- _Work item_: From the records below, output exactly the lines starting at the line with "LUCCHETTO PER IL CASCO" and ending at the line with "CAMPANULA FRAGILIS/ GLOCKENBLUME, Blütezeit", both of them included, but no pictures.

[Records excerpted from a collection]
################
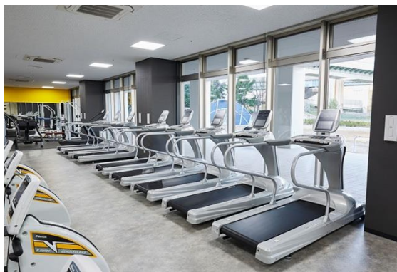
トレッドミル、フィットネスバイクなど 有酸素マシン多数
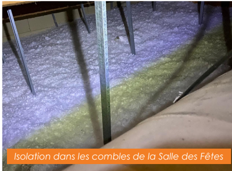
Isolation dans les combles de la Salle des Fêtes
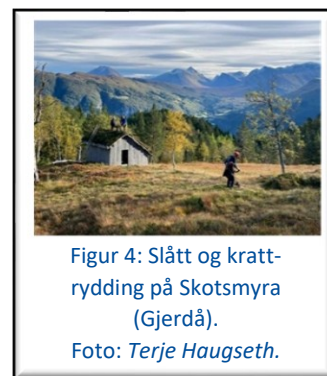
Figur 4: Slåttent og krattrydding på Skotsmyra (Gjerdå).
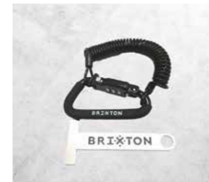
LUCCHETTO PER IL CASCO
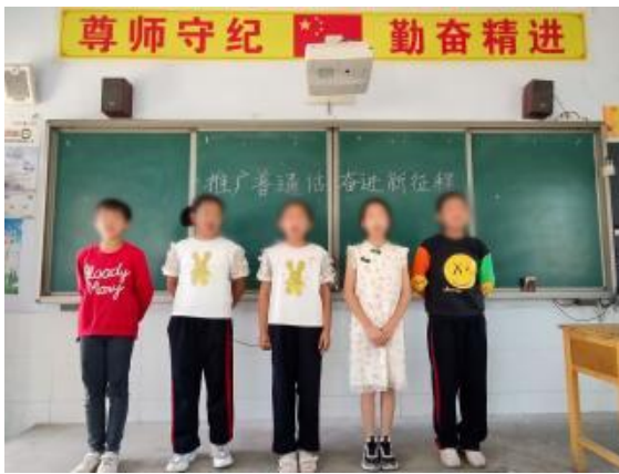
左图：甘肃白银阅读活动

本月，甘肃白银、广东马山、河南开封等地区项目校共开展了【219】场阅读活动。孩子们根据自己的兴趣和选择，在阅读教室里独立阅读。老师始终陪伴在孩子们身边，不时地给予指导和建议。每当孩子们遇到不理解的地方，老师都会耐心解答，帮助他们更好地理解书中的内容。同时，老师还鼓励孩子们在阅读中积极思考，提出自己的见解和疑问，培养他们的批判性思维 and 创新能力。
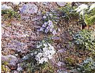
CAMPANULA FRAGILIS/ GLOCKENBLUME, Blütezeit ab Mai.
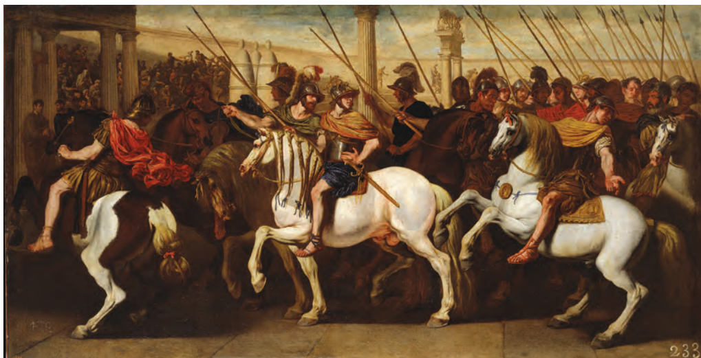
ANIELLO FALCONE, Entrada de los soldados romanos en el Circo . Hacia 1640. Óleo sobre lienzo, 92 x 183 cm. Madrid, Museo Nacional del Prado.

La norma oratoria establecía que en el «capítulo de la crianza» el rétor o el poeta deberían referir «si [la figura elogiada] se crió en palacio, si de púrpura fueron sus pañales, si desde su primera infancia se crió en regazo real; o no así, sino que fue elevado al trono en su juventud por algún feliz suceso. [Siendo obligatorio resaltar si ha] tenido una crianza ilustre, como Aquiles junto a Quirón» 64 . Los autores tardoantiguos tenían bien aprendida la lección oratoria, de modo que no resulta difícil encontrar ecos de este consejo del basilikòs lógos en la poesía del Bajo Imperio 65 .
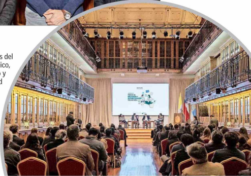
Representantes del ámbito académico, público, privado y de la sociedad civil asistieron a la presentación del estudio "Radiografía de la Educación e Inclusión Financiera en Chile".
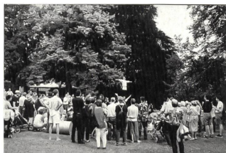
Jubilieren, balancieren, jonglieren: Zirkusworkshop für Kinder im Park.
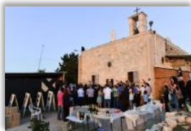
Photo 09 - Chaque mariage célébré dans l'église d'Iqrit est l'occasion de faire la fête et aussi de resserrer les liens de la communauté. Iqrit, Galilée, Israël. 25 octobre 2014.
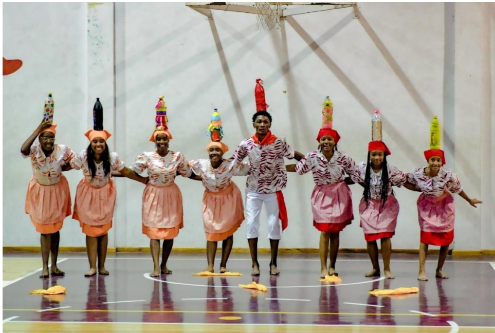
Figura 17.17 Indumentaria del baile de la Bomba 17

Hablando de la bomba como instrumento, para ellos poder enseñar, identificaban a las personas idóneas para hacerlo, mismas que se vean interesadas en mantener esa cultura viva, y, sobre todo, mantener una identidad que por años los ultrajaron, lo hacían solo práctico, ya que al no saber ni leer ni escribir lo único que ellos podían hacer es enseñar mediante la práctica y corregir a quien se deja corregir.
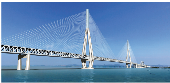
常泰长江大桥效果图

常泰长江大桥东距江阴长江公路大桥约30.2公里，西距泰州长江大桥约28.5公里，南北连接常州和泰州两市，路线全程10.09公里。
################
- _Task solution_:
LUCCHETTO PER IL CASCO
左图：甘肃白银阅读活动

本月，甘肃白银、广东马山、河南开封等地区项目校共开展了【219】场阅读活动。孩子们根据自己的兴趣和选择，在阅读教室里独立阅读。老师始终陪伴在孩子们身边，不时地给予指导和建议。每当孩子们遇到不理解的地方，老师都会耐心解答，帮助他们更好地理解书中的内容。同时，老师还鼓励孩子们在阅读中积极思考，提出自己的见解和疑问，培养他们的批判性思维 and 创新能力。
CAMPANULA FRAGILIS/ GLOCKENBLUME, Blütezeit ab Mai.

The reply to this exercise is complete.